What the exercise asks:
Write down exactly what lies from the line containing "Istruzioni pastorali proposte" to the end of the records, inclusive, and omit the pictures.

........

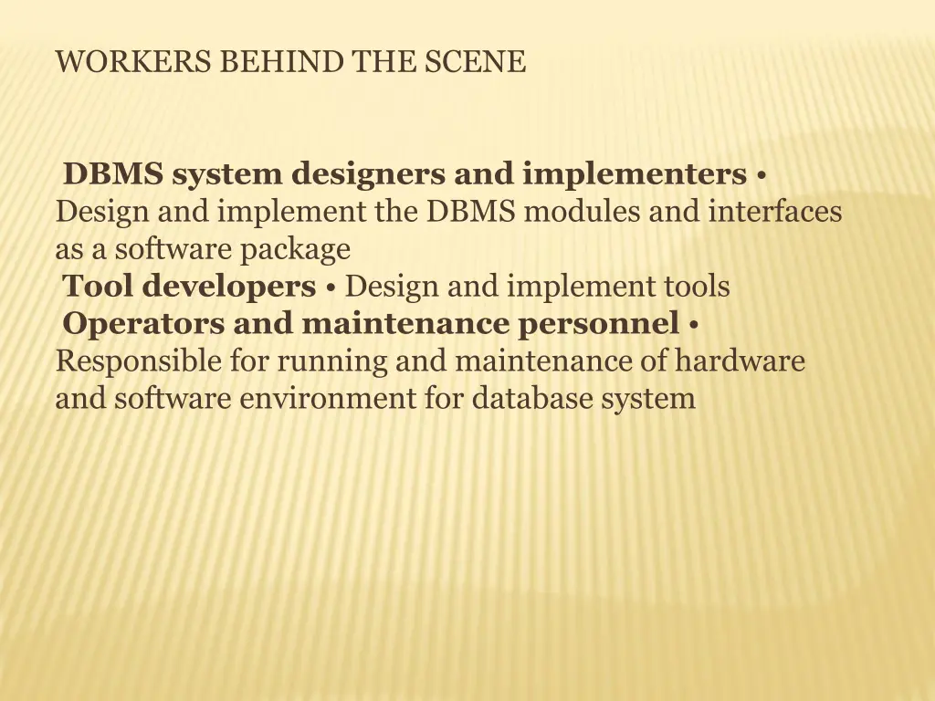 WORKERS BEHIND THE SCENE DBMS system designers and implementers Design and implement the DBMS modules and interfaces as a software package Tool developers Design and implement tools Operators and maintenance personnel Responsible for running and maintenance of hardware and software environment for database system
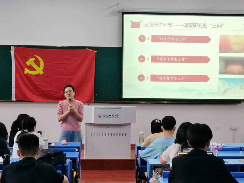 支部全体成员进行学习贯彻习近平新时代中国特色社会主义思想主题教育理论学习,谢雅雯领学了《习近平关于调查研究论述摘编》的相关篇章内容,并结合自身开展教育调查的经历围绕调查研究“深、实、细、准、效”的“五字诀”开展交流研讨。在集中学习之后,所有党员围绕“三问”,即“过去学得怎么样”、“现在干得怎么样”、“将来打算怎么办”展开广泛交流。
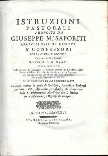 Istruzioni pastorali proposte da Giuseppe M. Saporiti arcivescovo di Genova à confessori della città e Diocesi colla spiegazione de' casi riservati. Coll'aggiunta del Carteggio, e risposte ricevute da Benedetto XIV. Coll'aggiunta della Seconda Parte la quale contiene la guida dè Confessori
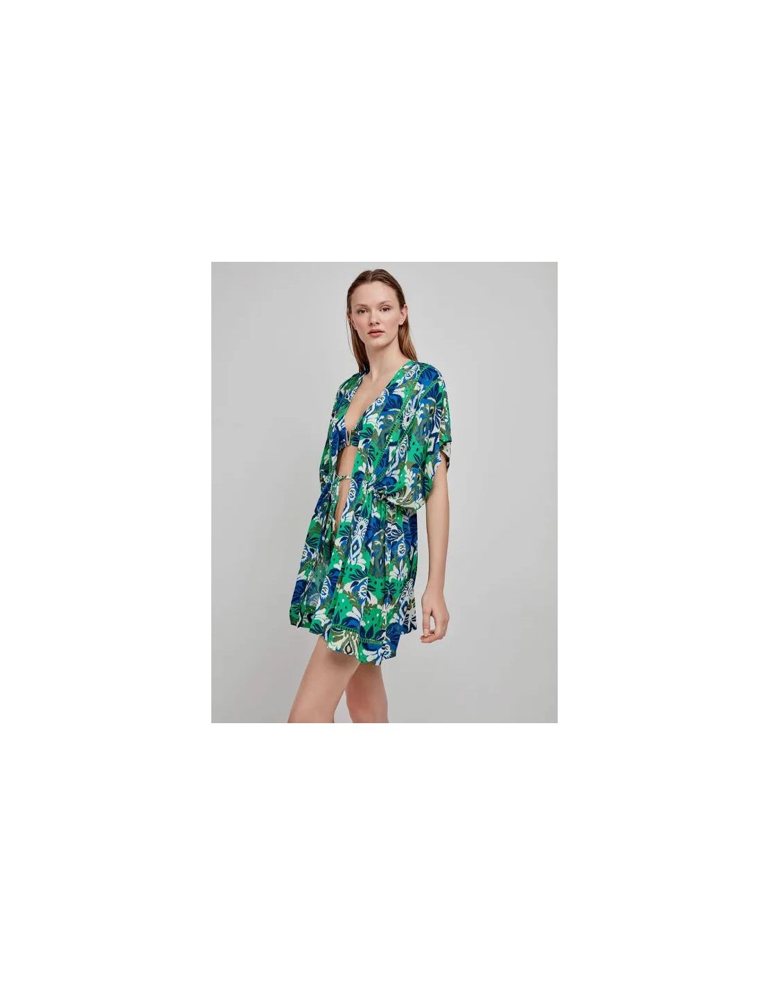 Caftán en tejido de viscosa y ajustable en cintura con cordón. Disponible en dos colores. Combínalo con sus bikinis y bañadores a juego.
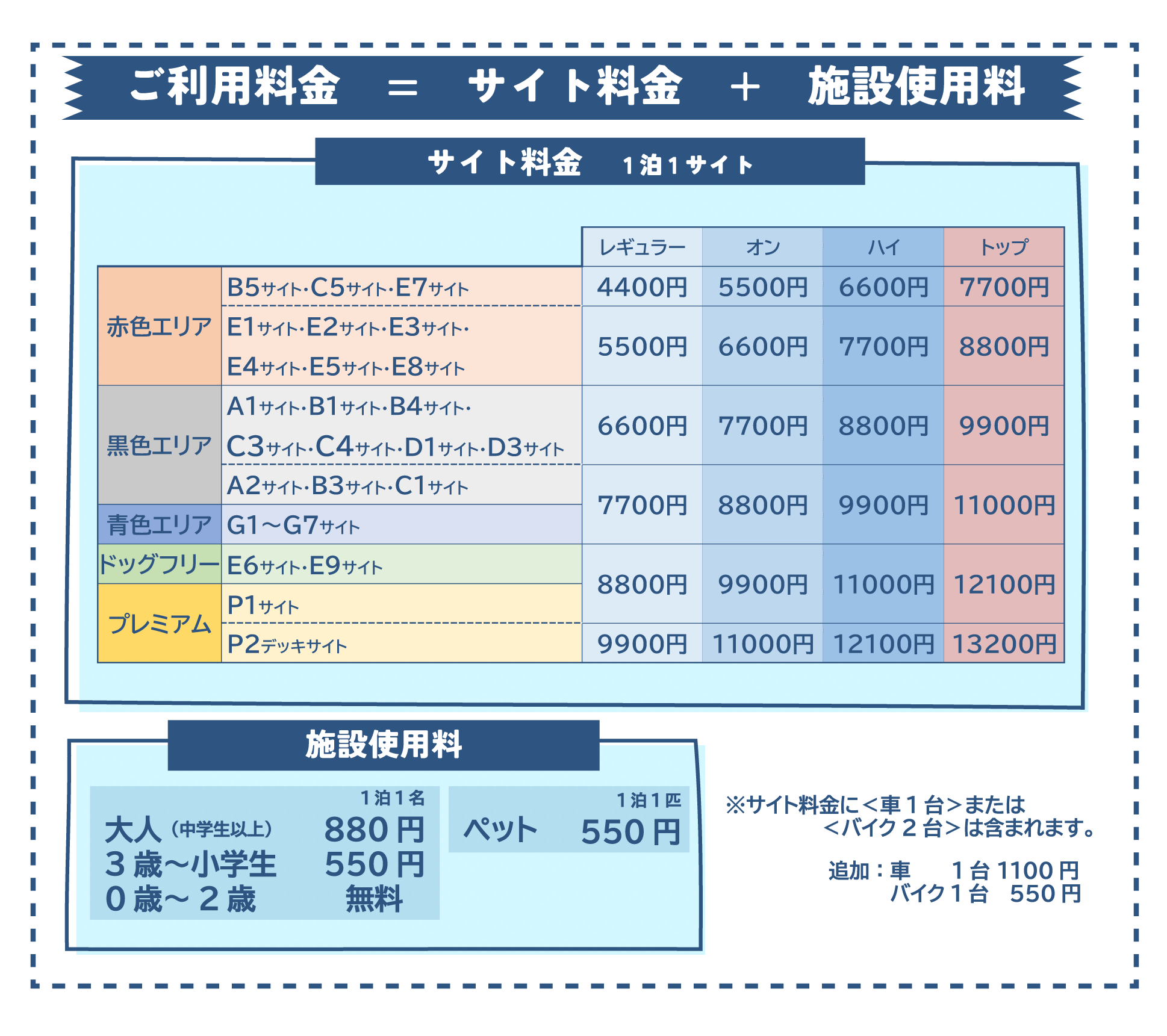 ・キャンピングカーでご利用いただけるサイトは指定サイトのみです。

........

The completed task:
 Istruzioni pastorali proposte da Giuseppe M. Saporiti arcivescovo di Genova à confessori della città e Diocesi colla spiegazione de' casi riservati. Coll'aggiunta del Carteggio, e risposte ricevute da Benedetto XIV. Coll'aggiunta della Seconda Parte la quale contiene la guida dè Confessori
 Caftán en tejido de viscosa y ajustable en cintura con cordón. Disponible en dos colores. Combínalo con sus bikinis y bañadores a juego.
 ・キャンピングカーでご利用いただけるサイトは指定サイトのみです。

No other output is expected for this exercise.